Step 6: Regression model using only significant variables
model <- lm(`Average IQ` ~ `HDI (2021)` + `Population - 2023`, data = iq_data)
summary(model)
##
## Call:
## lm(formula = `Average IQ` ~ `HDI (2021)` + `Population - 2023`,
## data = iq_data)
##
## Residuals:
## Min 1Q Median 3Q Max
## -30.733 -3.247 1.053 4.855 26.736
##
## Coefficients:
## Estimate Std. Error t value Pr(>|t|)
## (Intercept) 3.361e+01 3.170e+00 10.61 <2e-16 ***
## `HDI (2021)` 6.621e+01 4.269e+00 15.51 <2e-16 ***
## `Population - 2023` 8.120e-09 4.186e-09 1.94 0.054 .
## ---
## Signif. codes: 0 '***' 0.001 '**' 0.01 '*' 0.05 '.' 0.1 ' ' 1
##
## Residual standard error: 8.698 on 176 degrees of freedom
## (14 observations deleted due to missingness)

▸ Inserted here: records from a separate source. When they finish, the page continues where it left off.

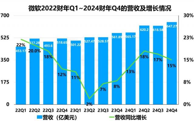 微软在 2024 财年 Q4(对应自然年 2024 年 Q2)的收入是 647.27 亿美元,同比增长 15%,略高于预期。 644.76 亿美金。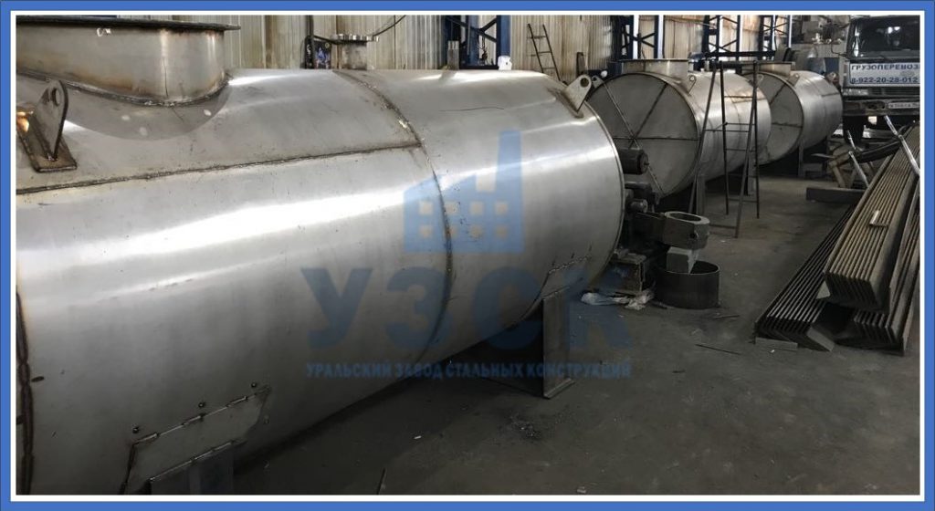 Одним из предприятий, создающих вертикальные и горизонтальные резервуары из нержавейки, является наш завод. В стандартах на продукцию указано, расчет конструкций из стали не зависит от марки. Однако в проекте учитываются разные температурные расширения, дополнительные сопротивления.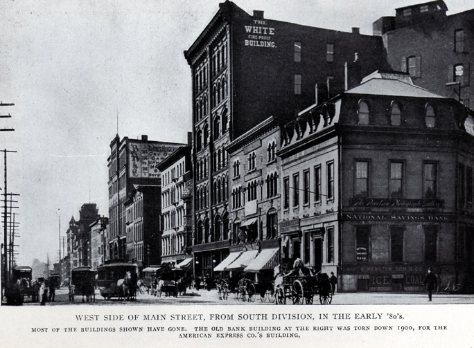 Photo - West Side of Main Street, From South Division in the Early '80's White Building: Caulkins design. Reprinted from The Picture Book of Earlier Buffalo, Frank H. Severance, ed. Pub. by the Buffalo Historical Society Publications, Vol. 16, 1912, p. 154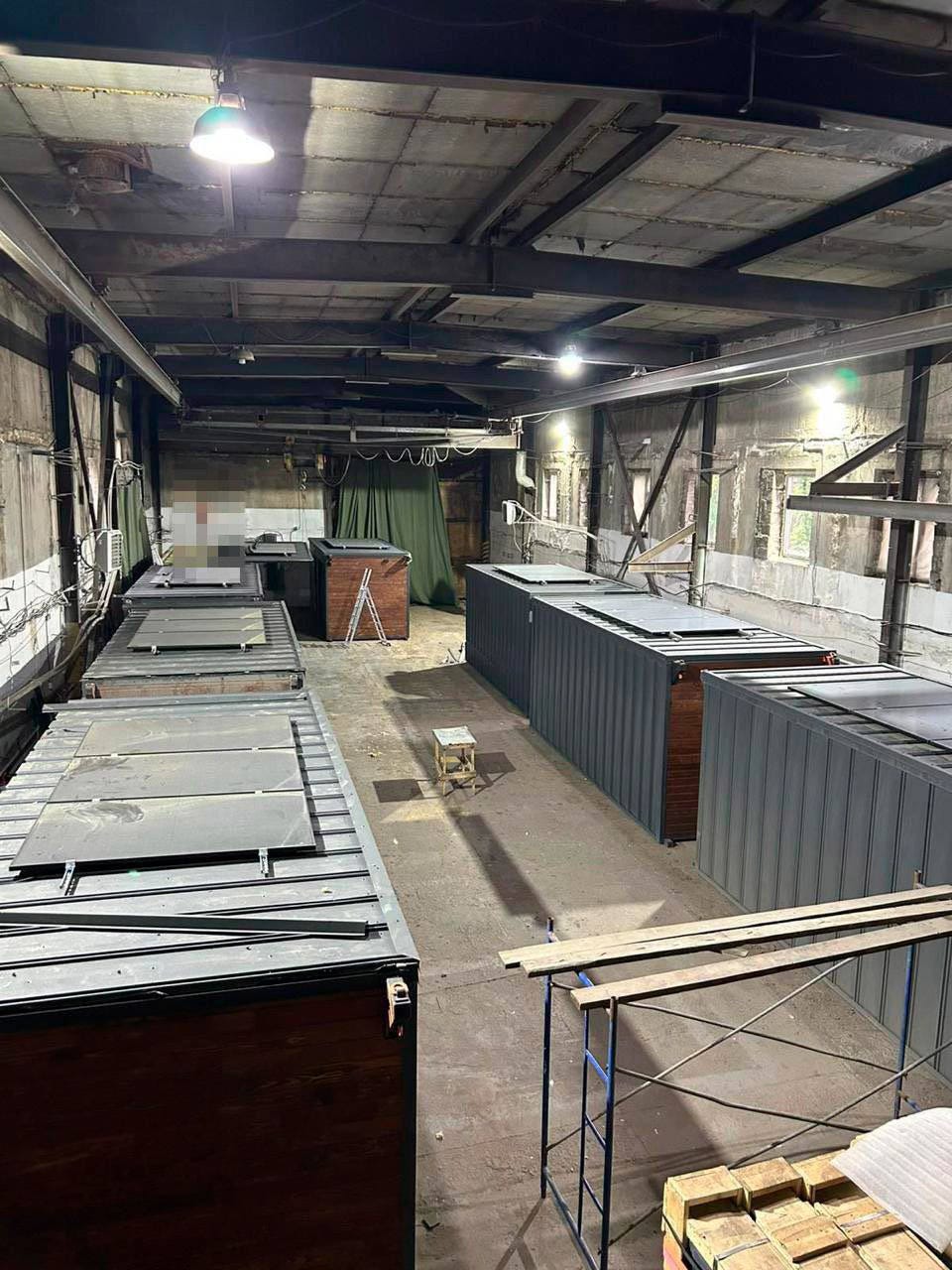 In this image, we see several containers parked inside what appears to be a warehouse — or perhaps a large garage.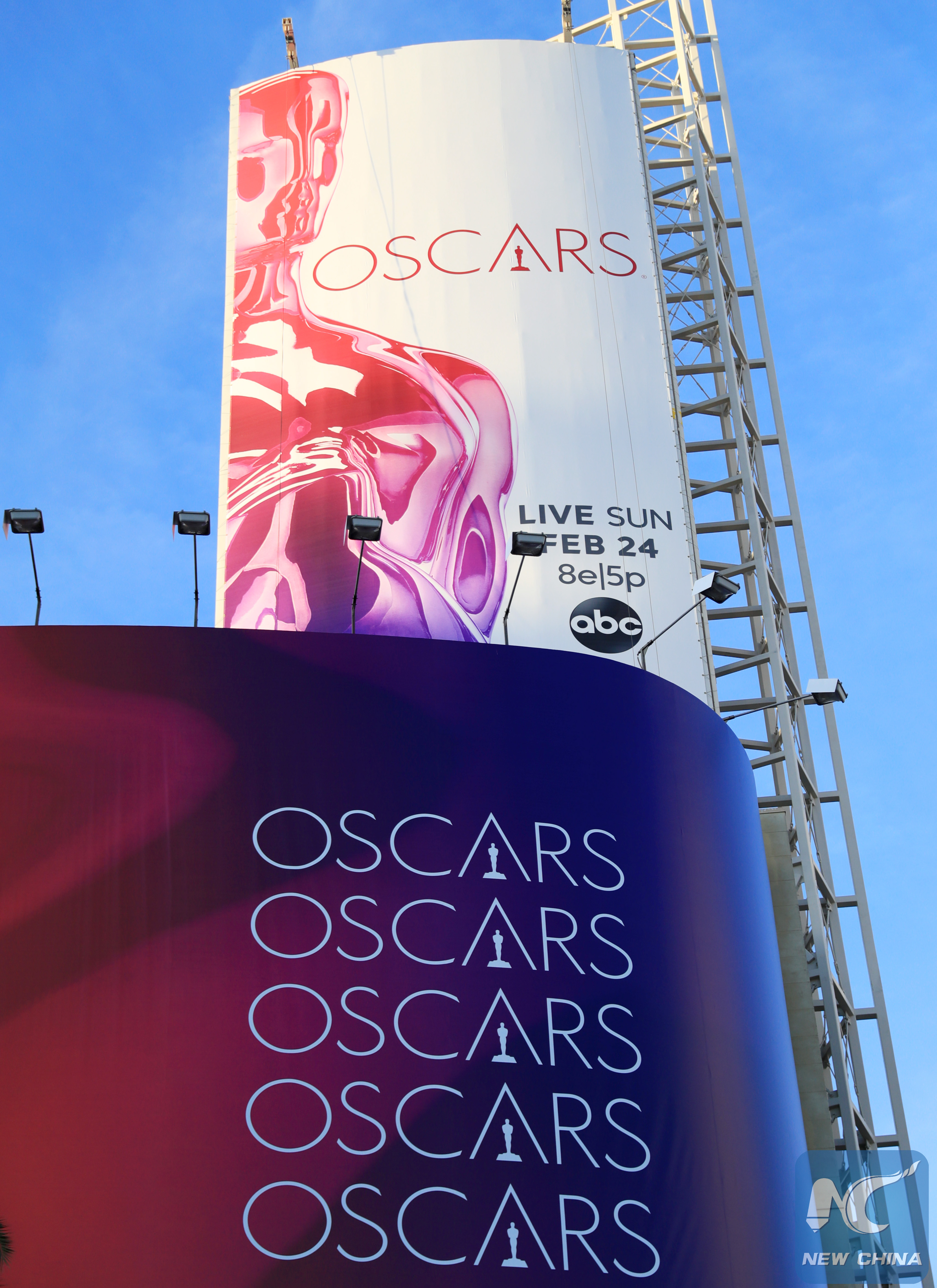 Posters of the upcoming Academy Awards ceremony, or Oscars, are seen at the Hollywood's Dolby Theatre in California, the United States, Feb. 23, 2019. (Xinhua/Li Ying)

## Multiple R-squared: 0.5797, Adjusted R-squared: 0.5749
## F-statistic: 121.4 on 2 and 176 DF, p-value: < 2.2e-16
Interpretation: The estimated regression model is y = 33.61 + 66.21x1 + 8.12e-9x2, where y = Average IQ, x1 = HDI and x2 = Population
Step 7: Analyzing Adjusted R-Squared
Interpretation: The adjusted R-squared value is 0.57, indicating that 57% of variability in Average IQ is explained by the predictors after their number is taken into consideration.
Step 8: Model significance
Interpretation: Because the p-value < 2.2e-16, the model is statistically significant.

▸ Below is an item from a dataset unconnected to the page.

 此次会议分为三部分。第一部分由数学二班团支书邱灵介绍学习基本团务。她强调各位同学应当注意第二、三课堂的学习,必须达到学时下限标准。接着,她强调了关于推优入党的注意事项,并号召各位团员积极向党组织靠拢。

Step 9: Coefficient Interpretation
B0) HDI (2021): 33.61 - For every unit that is moved in HDI, Average IQ is expected to increase by 33.31
B1) Population: 8.12e-09 - This coefficient implies that the population of a country is associated with an increase in average IQ by a small amount of 8.12e-09.
Step 10: Conclusion and Recommendations
1. The significant variables that impact a country's average IQ score are Human Development Index and Population
2. We determined that it is possible to predict a country's average IQ based on HDI and Population
3. HDI is the most significant factor related to average IQ with a p-value near 0.01
4. Considering that HDI is based on health, knowledge measured in mean years of schooling and expected years of schooling, and standard of living, we have more data that suggests that intelligence is
closely tied to people's health and standard of living.
5. Countries can reap the benefits of a more intelligent population by focusing their efforts in developing the capabilities and standard of living of its citizens.